WNS (HOLDINGS) LTD filed this Form 6-K on 08/23/2018
Entire Document

2.6 “Code” means the Internal Revenue Code of 1986, as amended.

2.7 “Committee” means the committee of the Board described in Article 12 hereof.

2.8 “Consultant” means any consultant or adviser if: (a) the consultant or adviser renders bona fide services to the Company; (b) the services rendered by the consultant or adviser are not in connection with the offer or sale of securities in a capital-raising transaction and do not directly or indirectly promote or maintain a market for the Company’s securities; and (c) the consultant or adviser is a natural person who has contracted directly with the Company or any Subsidiary to render such services.

2.9 “Covered Employee” means an Employee who is, or could be, a “covered employee” within the meaning of Section 162(m) of the Code.

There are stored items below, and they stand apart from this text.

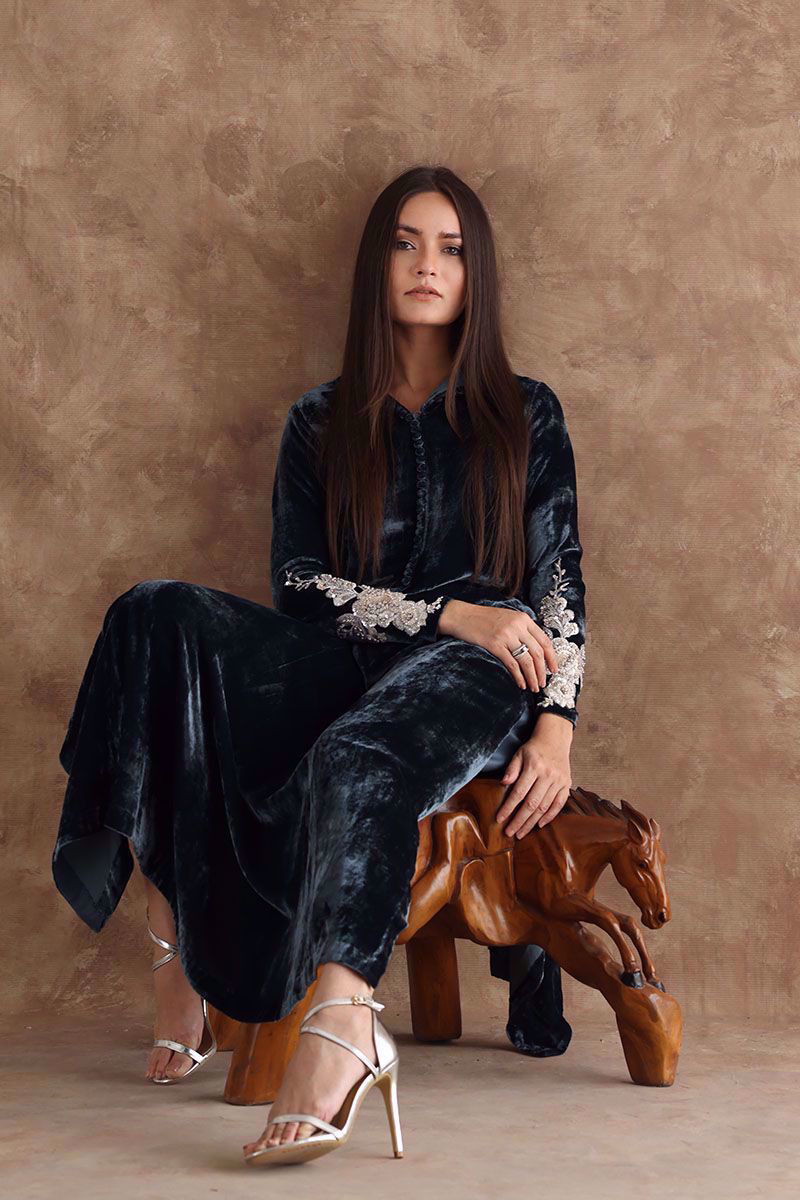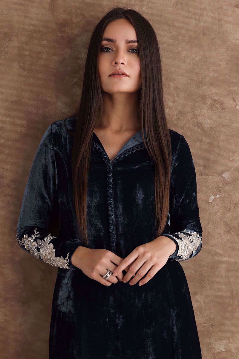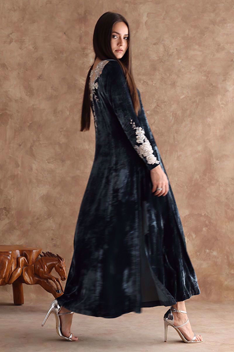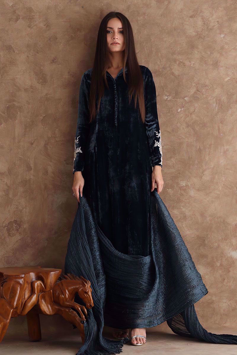 Perfect color for winter evenings. This steeple grey pure velvet shirt in prince panel cut is a statement of elegance. The adorned style is complimented with delicate embellishment on sleeves and back, details of hand work with pearls, cut dana, diamantes, sequins and resham. This shirt can be paired with same color pure raw silk pant and fancy crushed organza dupatta can be purchased at additional cost.
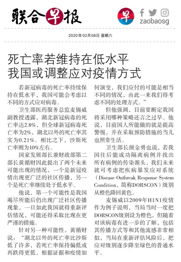 看看广东浙江的数字,重症率都在10%左右。按新加坡的人口,这个病一旦扩散开,本地有足够的重症病房吗?
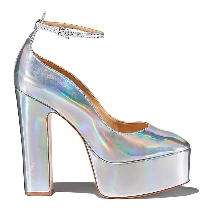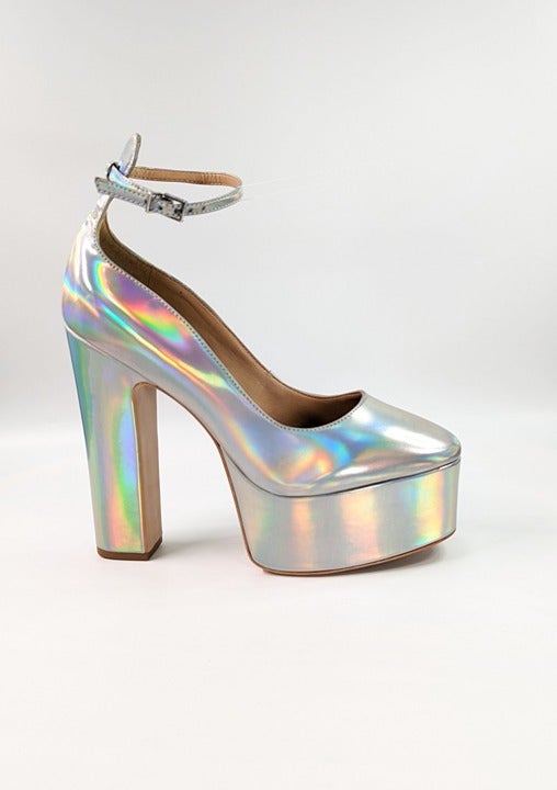 Schutz Renee Women's Ankle Strap Platform Pump Hologram Size 8.5 B

2.10 “Deferred Share” means a right to receive a specified number of Shares or ADSs during specified time periods pursuant to Section 8.4 hereof.

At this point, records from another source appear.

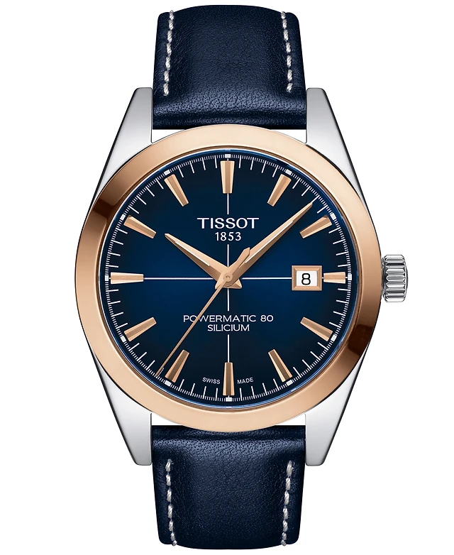 Tissot Men's Swiss Automatic Gentleman Powermatic 80 Silicium Blue Leather Strap Watch 40mm
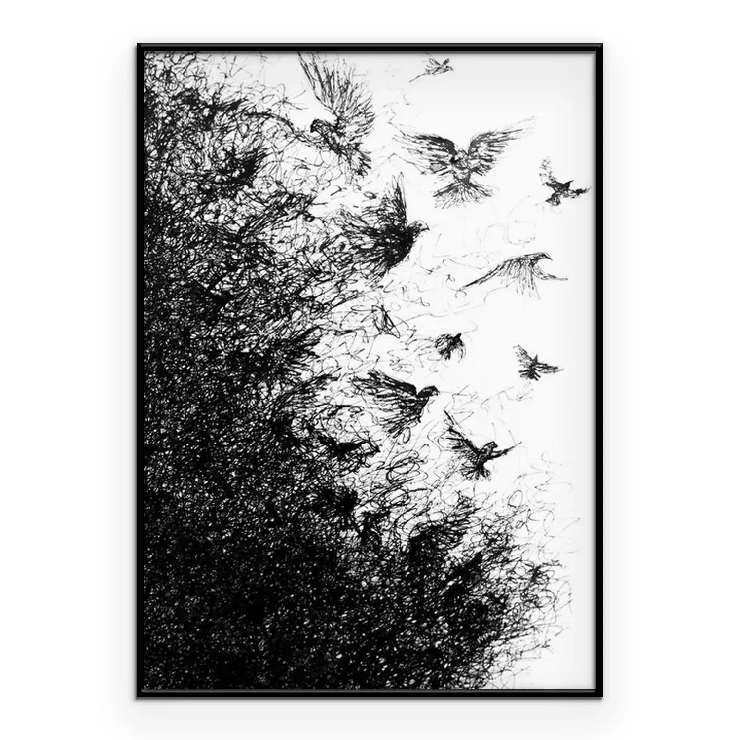 Poster: Handmade symbolic pen drawing of birds disintegrating from a group to individuals and into particles
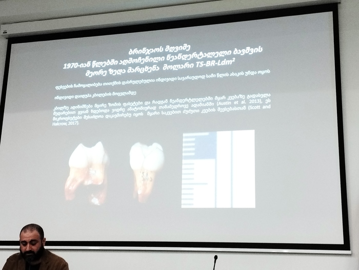 ცხადია, ასეთი მიგნებები მნიშვნელოვანია, მაგრამ უშუალოდ ნამარხების მიკვლევა ბევრად იშვიათად ხერხდება. ქართველმა მეცნიერებმა კი ეს 1970-იან წლებში შეძლეს. ქვემოთ თქვენ წინაშეა მცირეწლოვანი ნეანდერტალელის კბილი — ზედა მარცხენა მხარეს არსებული მეორე მოლარი:
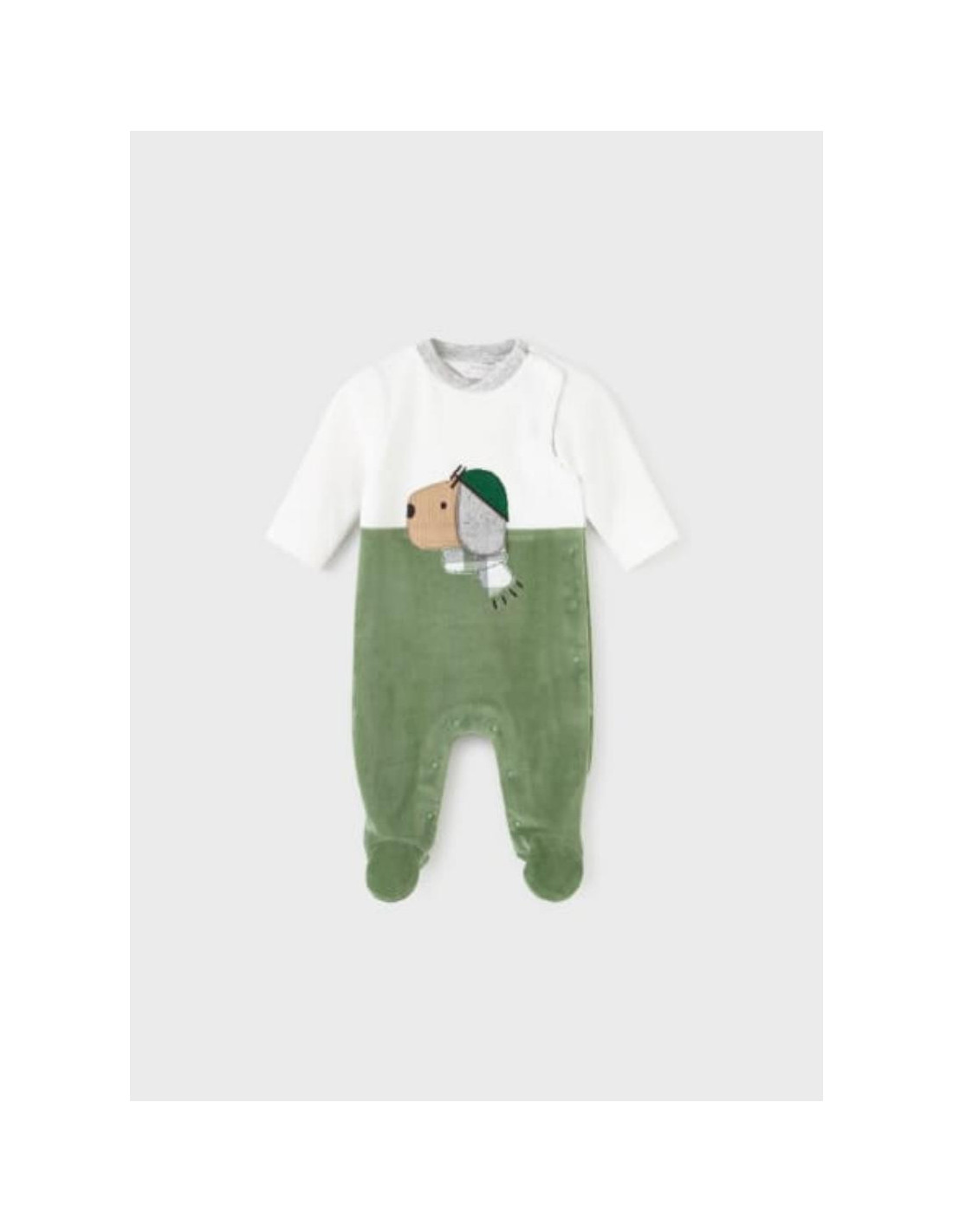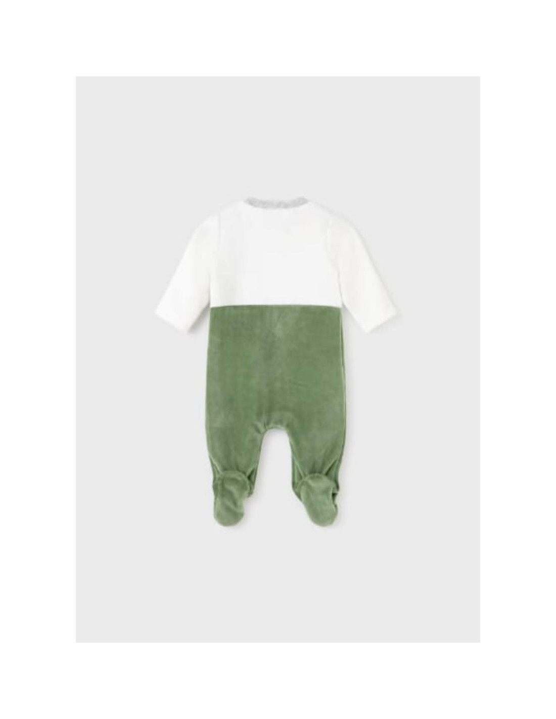Pijama manga larga para recién nacido niño 0 a 18 Meses. Diseño con pies. Cuello redondo. Cierre lateral con botones a presión. Cierre con botones a presión en la entrepierna. Combinación bicolor. Este artículo se presenta en una caja de la línea Newborn ideal para regalar en ocasiones especiales.

2.11 “Disability” means that the Participant qualifies to receive long-term disability payments under the Company’s long-term disability insurance program, as it may be amended from time to time. Notwithstanding anything herein or in any Award Agreement to the contrary, if a Disability constitutes a payment event with respect to any Award that is subject to United States income tax and which provides for a deferral of compensation that is subject to Section 409A of the Code, the Participant shall only experience a Disability hereunder for purposes of the payment of such Award if the Participant is “disabled” within the meaning of Treasury Regulation Section 1.409A-3(i)(4).

2.12 “Effective Date” shall have the meaning set forth in Section 13.1 hereof.

2.13 “Eligible Individual” means any person who is an Employee, a Consultant or an Independent Director, as determined by the Committee.

2.14 “Employee” means any officer or other employee (as defined in accordance with Section 3401(c) of the Code) of the Company or any Subsidiary.

2.15 “Equity Restructuring” shall mean a nonreciprocal transaction between the Company and its shareholders, such as a Share dividend, Share split, spin-off, rights offering or recapitalization through a large, nonrecurring cash dividend, that affects the number or kind of Shares (or other securities of the Company) or the Share price of Common Stock (or other securities) and causes a change in the per Share value of the Common Stock underlying outstanding Awards.

2.16 “Exchange Act” means the Securities Exchange Act of 1934, as amended.